La Lega adotta la Fallaci
Difesa dai parlamentari del Carroccio, in testa nel sondaggio della Padania: è scoppiato l'amore tra la scrittrice anti-Islam e il popolo dei lumbard. "Ridà dignità all'Occidente".
di Luca Gelmini
ROMA - La Lega Nord ha un nuovo idolo: Oriana Fallaci. Sarà per gli anatemi a mezzo stampa contro i no-global o per le sue crociate all'indirizzo dell'Islam, ma la scrittrice, autrice fra l'altro del controverso articolo sul Social Forum pubblicato ieri dal Corriere della Sera, riscalda i cuori del popolo lumbard.
Dimenticate in fretta certe opinioni non proprio benevole nei confronti di Bossi e dei suoi seguaci, i leghisti l'hanno adottata. Paladina del cristianesimo, baluardo contro le invasioni barbariche dei Disobbedienti alla Casarini, la Fallaci, attaccata dalla sinistra, osteggiata dagli intellettuali, trova così nel Carroccio uno scudo alle polemiche che ad ogni sua sortita ormai l'accompagnano puntualmente.
Bastava dare un'occhiata ai commenti dei politici di ieri, quando è scoppiata la bufera per quel intervento sul Corsera, per capire quanto sia profondo il feeling tra i leghisti e Oriana.
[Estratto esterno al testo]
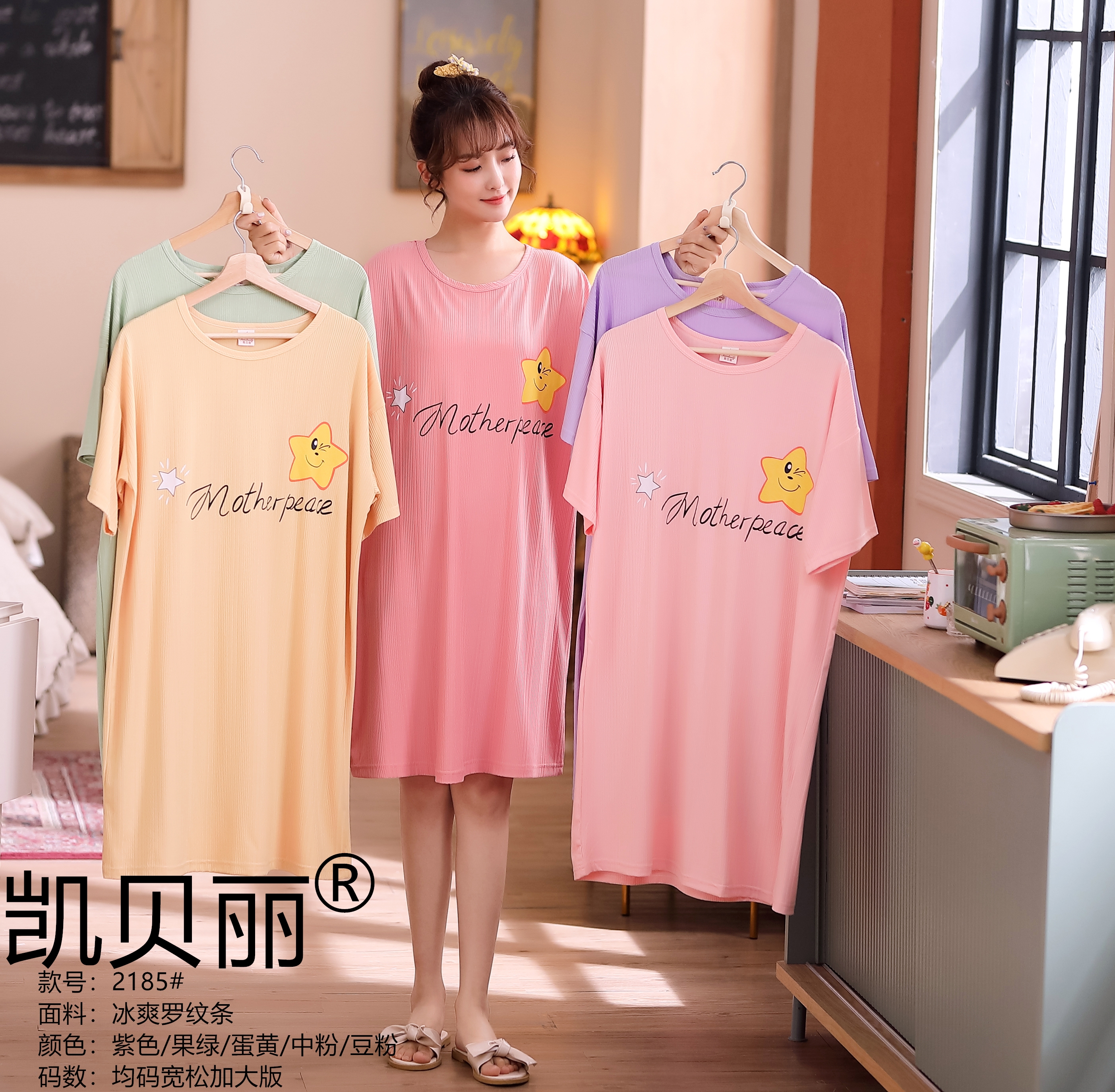 短袖女夏季睡裙薄款纯棉冰爽罗纹条印花短袖可爱大码裙子家居服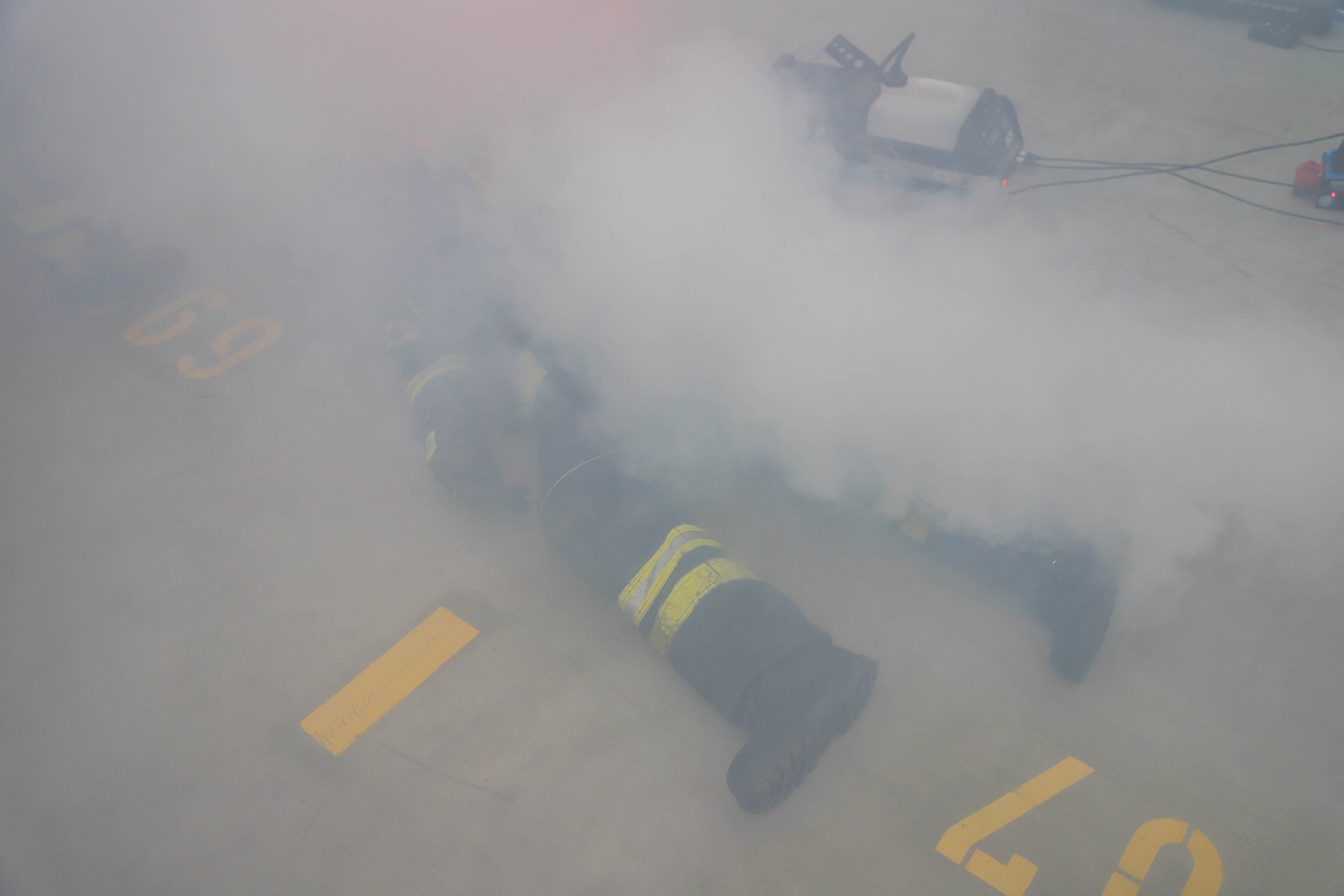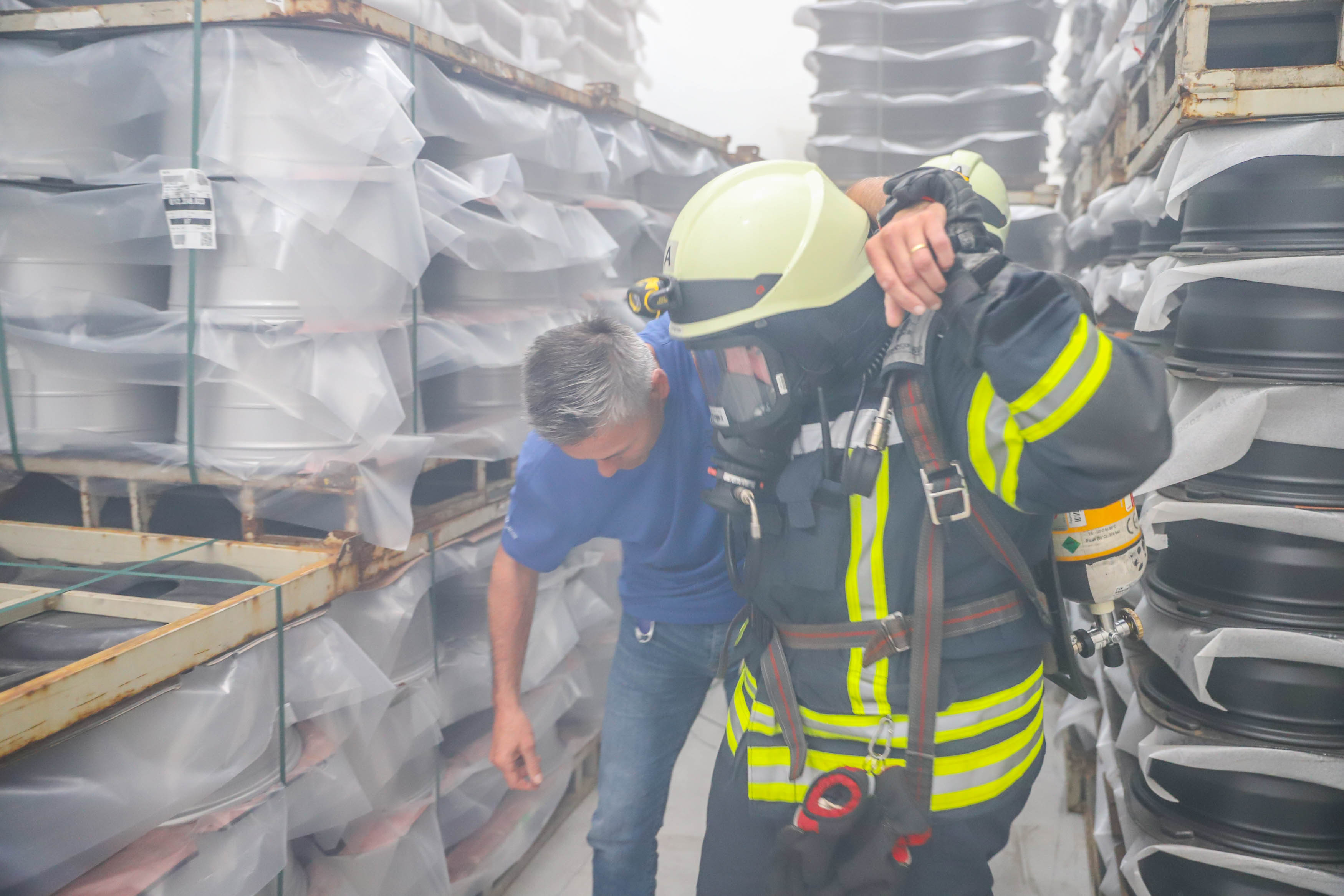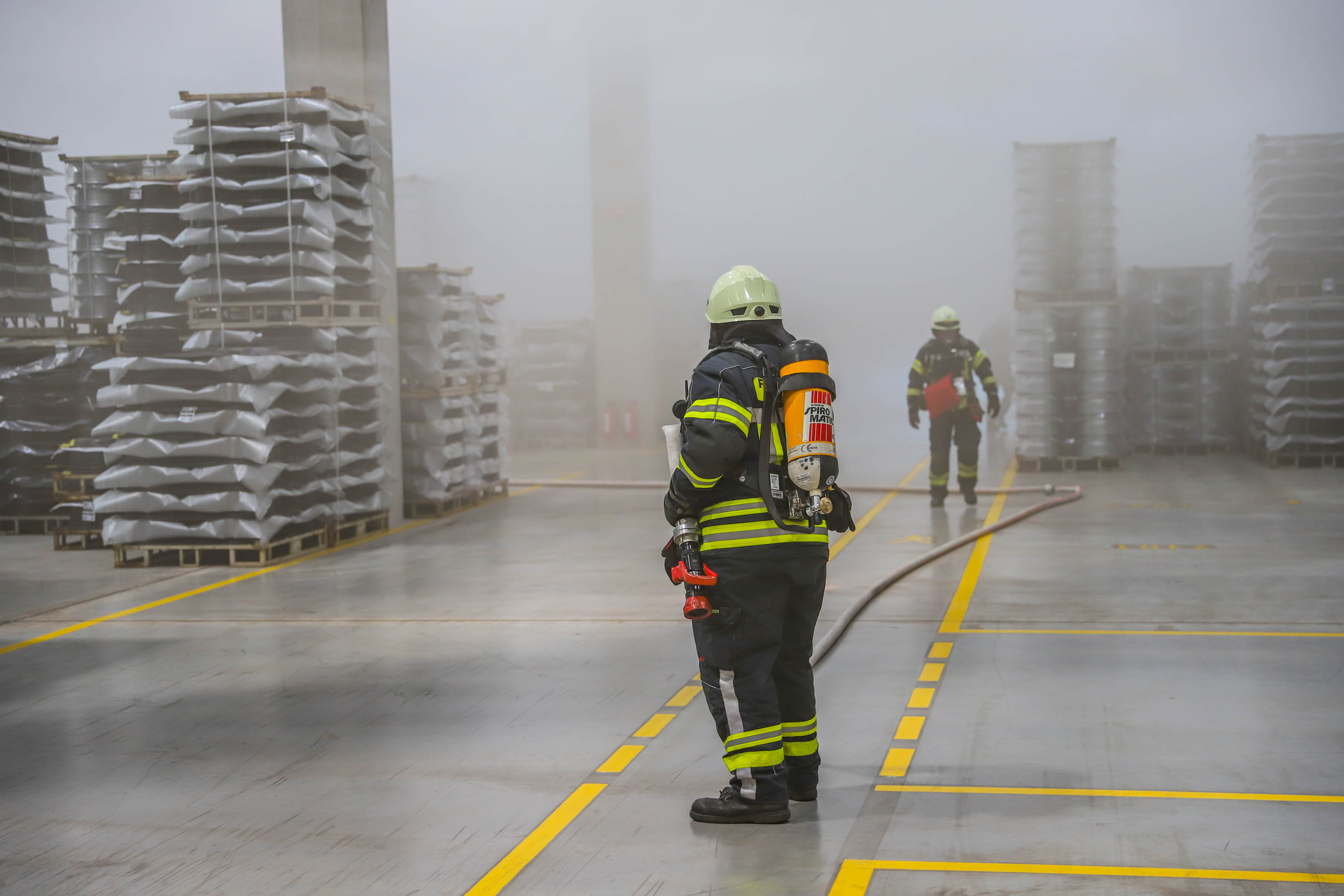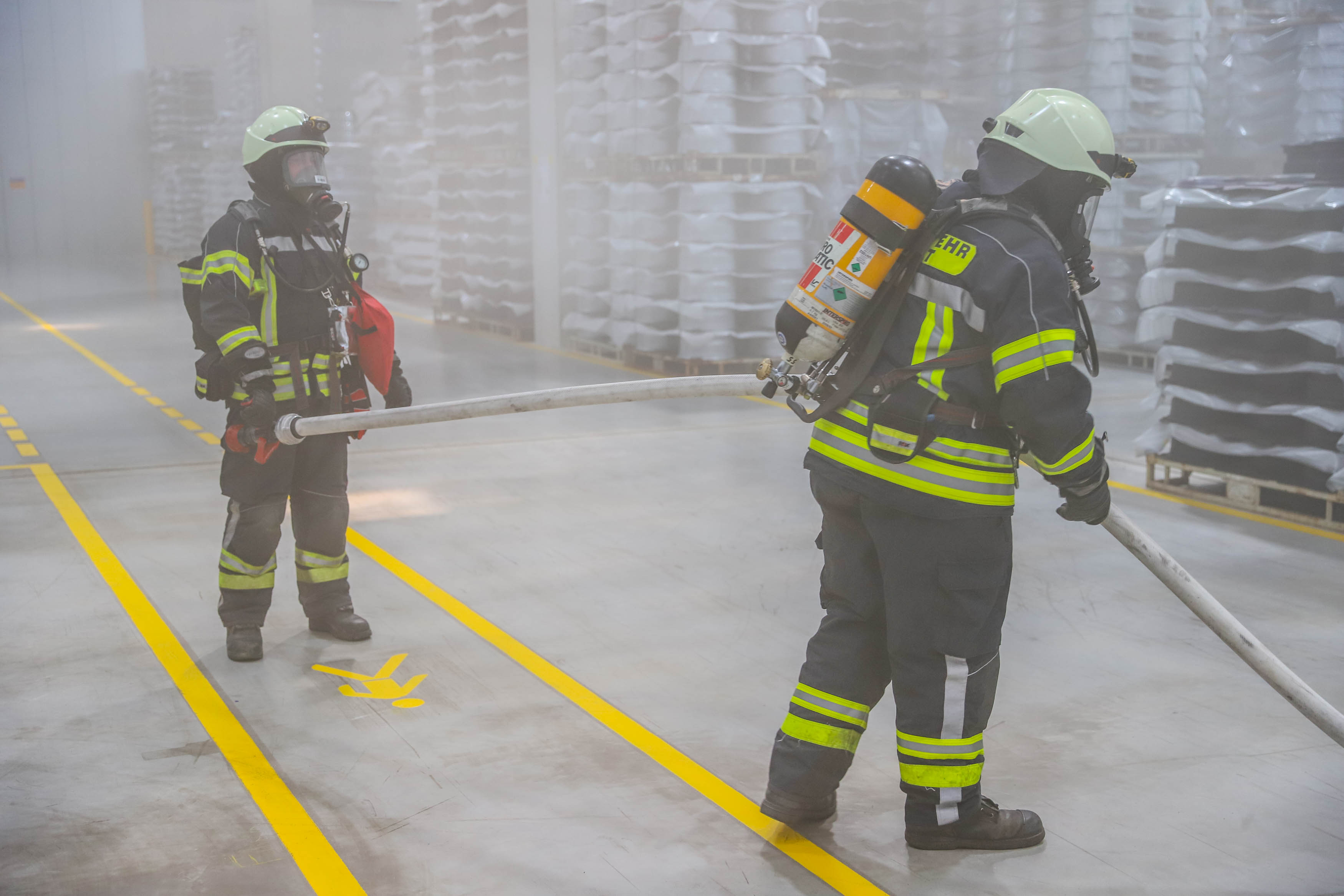 Unterdessen konnte der vermisste Staplerfahrer durch den Atemschutztrupp ins Freie gerettet werden, sodass der Trupp erneut in das Gebäude zur Brandbekämpfung vorgehen konnte. Während der Brandbekämpfungsmaßnahmen wurde ein Atemschutznotfall angenommen. Ein Feuerwehrmann brach unter Atemschutz zusammen und lag im unmittelbaren Gefahrenbereich.

Mentre da mezza Italia si levavano cori sdegnati, come già accaduto per l' articolo seguito all' 11 settembre, la gente che adora il Po, la patria e la famiglia si produceva in una difesa all'ultimo sangue della giornalista.
Da Bricolo, vicepresidente dei deputati del Carroccio, a Calderoli, numero due di Pera al Senato, era tutto uno schierarsi al fianco di una donna che sa "cosa vuol dire il coraggio della verità''. Monti, senatore leghista, intonava persino un peana: "Grazie Oriana perché stai dando dignità alla nostra cultura occidentale".
Ma non è solo tra i politici che la Fallaci fa il pieno di consensi. Negli ultimi giorni, nel sondaggio stilato dalla Padania, la Fallaci è schizzata in testa alle preferenze del popolo lumbard. Ha ottenuto più voti del filosofo Gilberto Oneto, maitre a penser di fede bossiana e tallona ormai da vicino una vera e propria icona dei fedelissimi di Alberto da Giussano come Gianfranco Miglio. Se questo non è amore...
(7 NOVEMBRE 2002, ORE 19:45)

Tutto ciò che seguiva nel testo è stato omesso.